Work task: Copy out the data below from the line containing "S. Patton Jr." to the line containing "最初はダクトを取り外してピッ", both lines included, with all images left out.

Material to process:
□ □ □ □ □

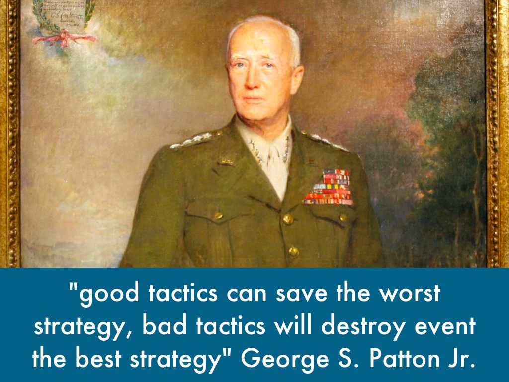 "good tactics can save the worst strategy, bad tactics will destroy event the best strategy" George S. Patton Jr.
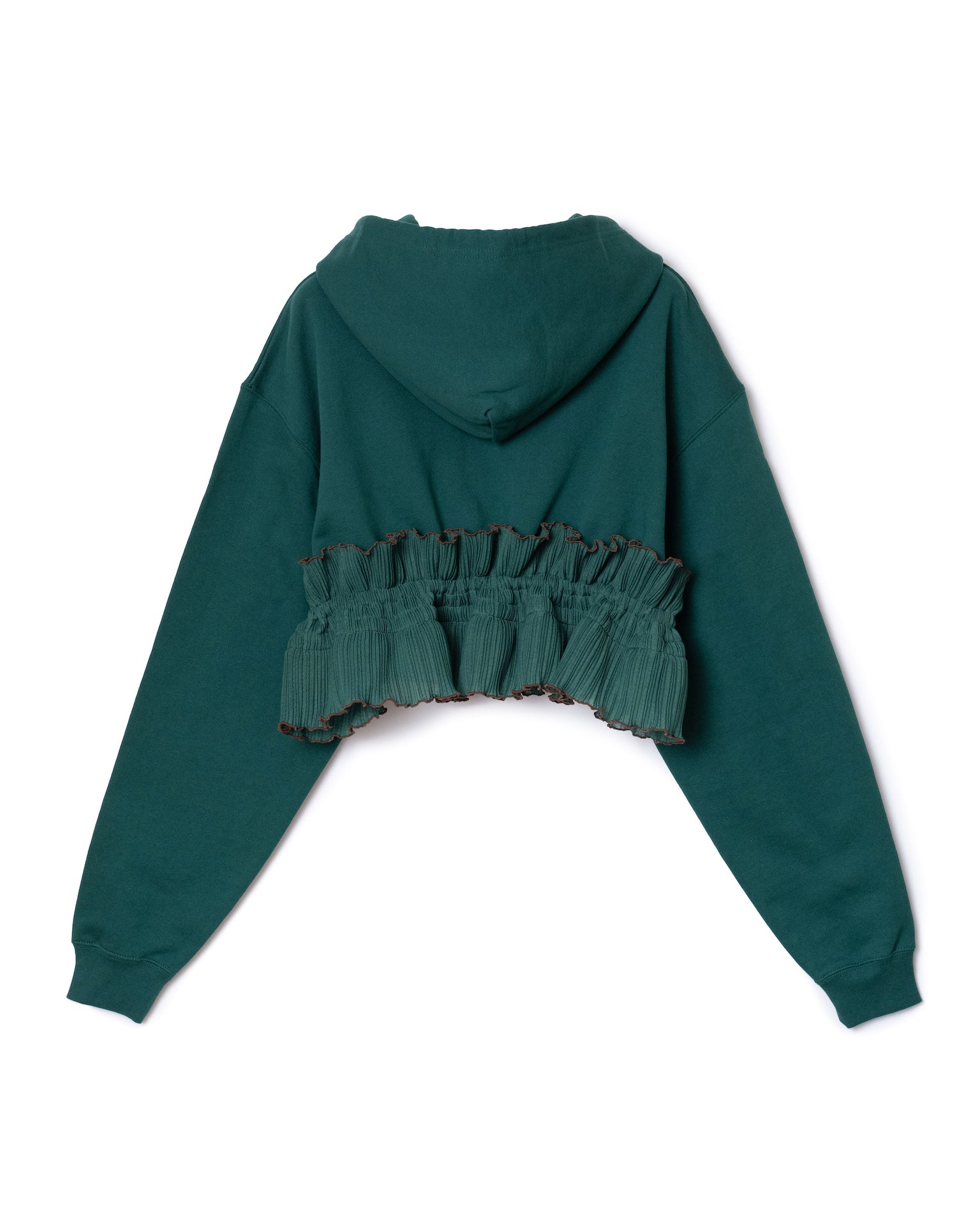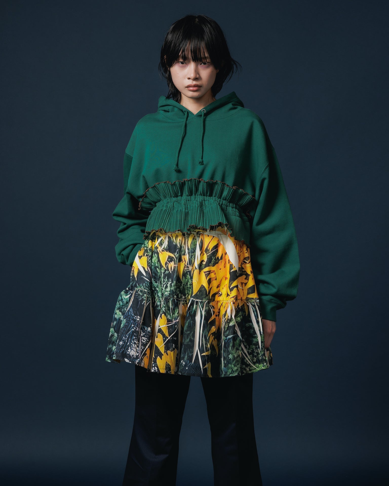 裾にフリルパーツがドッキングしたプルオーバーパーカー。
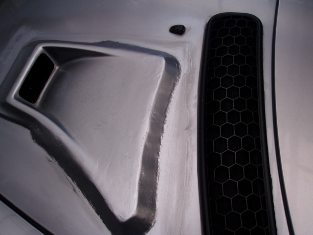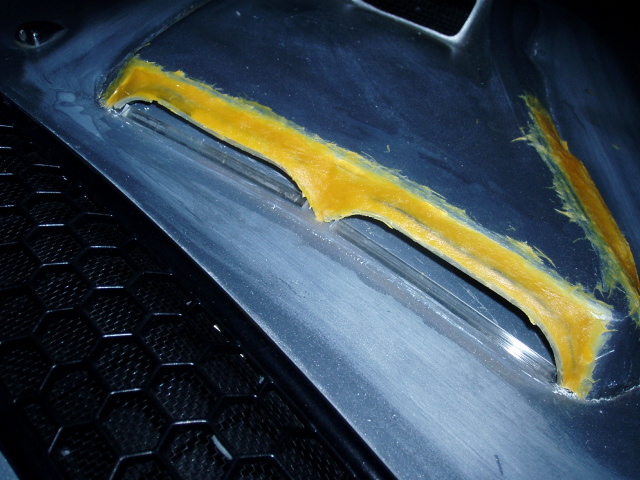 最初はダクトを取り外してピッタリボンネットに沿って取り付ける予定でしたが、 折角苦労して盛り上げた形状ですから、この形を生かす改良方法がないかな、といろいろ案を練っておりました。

□ □ □ □ □

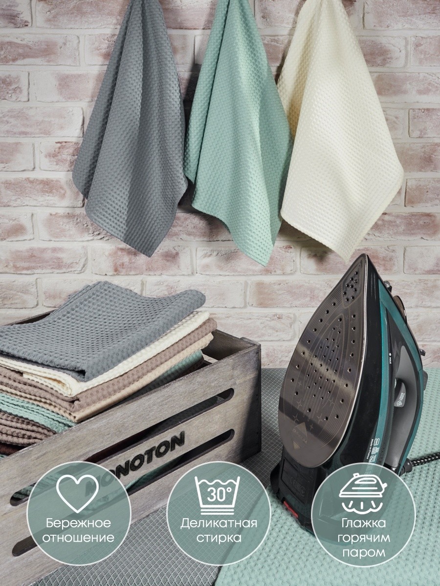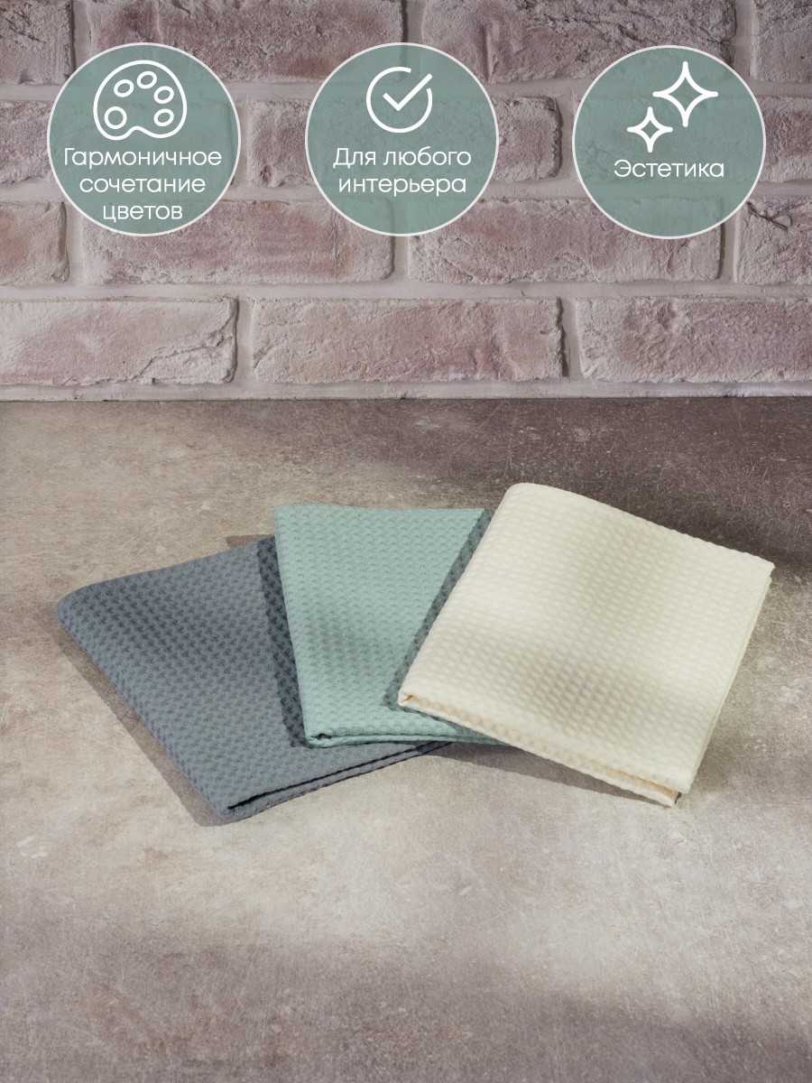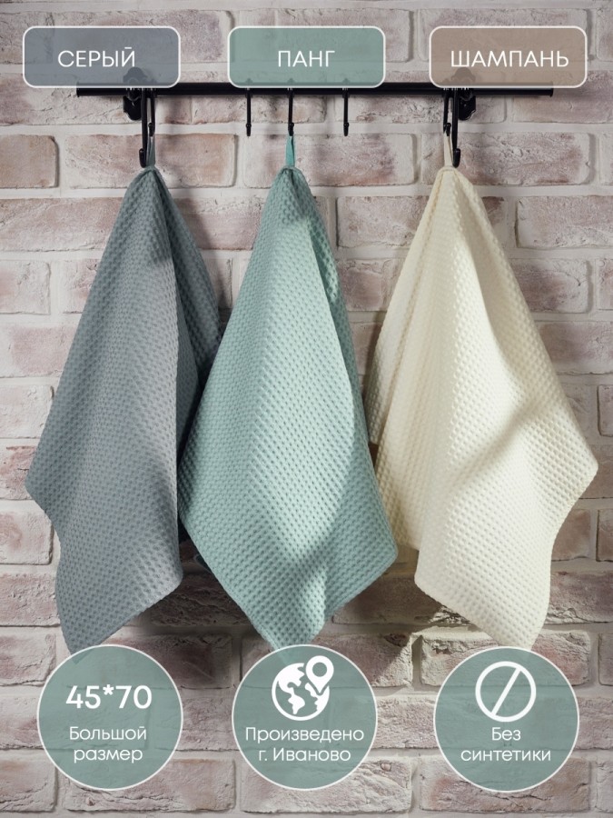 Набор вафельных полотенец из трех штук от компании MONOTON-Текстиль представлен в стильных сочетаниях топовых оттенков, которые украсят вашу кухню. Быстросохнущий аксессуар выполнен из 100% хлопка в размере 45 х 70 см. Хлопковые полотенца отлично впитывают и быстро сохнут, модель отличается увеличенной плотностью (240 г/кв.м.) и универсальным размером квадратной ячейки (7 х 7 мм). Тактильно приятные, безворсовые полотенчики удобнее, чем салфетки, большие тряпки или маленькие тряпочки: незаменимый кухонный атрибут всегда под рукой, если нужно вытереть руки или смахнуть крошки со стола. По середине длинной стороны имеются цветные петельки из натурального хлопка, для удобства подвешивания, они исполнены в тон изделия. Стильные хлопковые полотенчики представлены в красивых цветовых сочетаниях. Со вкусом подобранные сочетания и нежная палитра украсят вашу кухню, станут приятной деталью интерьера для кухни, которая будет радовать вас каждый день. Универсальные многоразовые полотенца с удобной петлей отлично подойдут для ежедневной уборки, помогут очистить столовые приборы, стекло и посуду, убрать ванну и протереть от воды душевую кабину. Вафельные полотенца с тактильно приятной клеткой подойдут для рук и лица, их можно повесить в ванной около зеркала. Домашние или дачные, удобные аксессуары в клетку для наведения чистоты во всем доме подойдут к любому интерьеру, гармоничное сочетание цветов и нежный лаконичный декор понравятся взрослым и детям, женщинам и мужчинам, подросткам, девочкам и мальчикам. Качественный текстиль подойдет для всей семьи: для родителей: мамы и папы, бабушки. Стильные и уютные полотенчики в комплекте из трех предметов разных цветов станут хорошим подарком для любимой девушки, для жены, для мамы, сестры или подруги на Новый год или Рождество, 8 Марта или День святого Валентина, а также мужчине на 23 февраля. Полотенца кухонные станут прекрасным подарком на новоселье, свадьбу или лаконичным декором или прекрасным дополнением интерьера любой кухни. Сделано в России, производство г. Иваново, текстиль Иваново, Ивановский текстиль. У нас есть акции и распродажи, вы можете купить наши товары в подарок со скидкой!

□ □ □ □ □

Exercise result:
 "good tactics can save the worst strategy, bad tactics will destroy event the best strategy" George S. Patton Jr.
 裾にフリルパーツがドッキングしたプルオーバーパーカー。
 最初はダクトを取り外してピッタリボンネットに沿って取り付ける予定でしたが、 折角苦労して盛り上げた形状ですから、この形を生かす改良方法がないかな、といろいろ案を練っておりました。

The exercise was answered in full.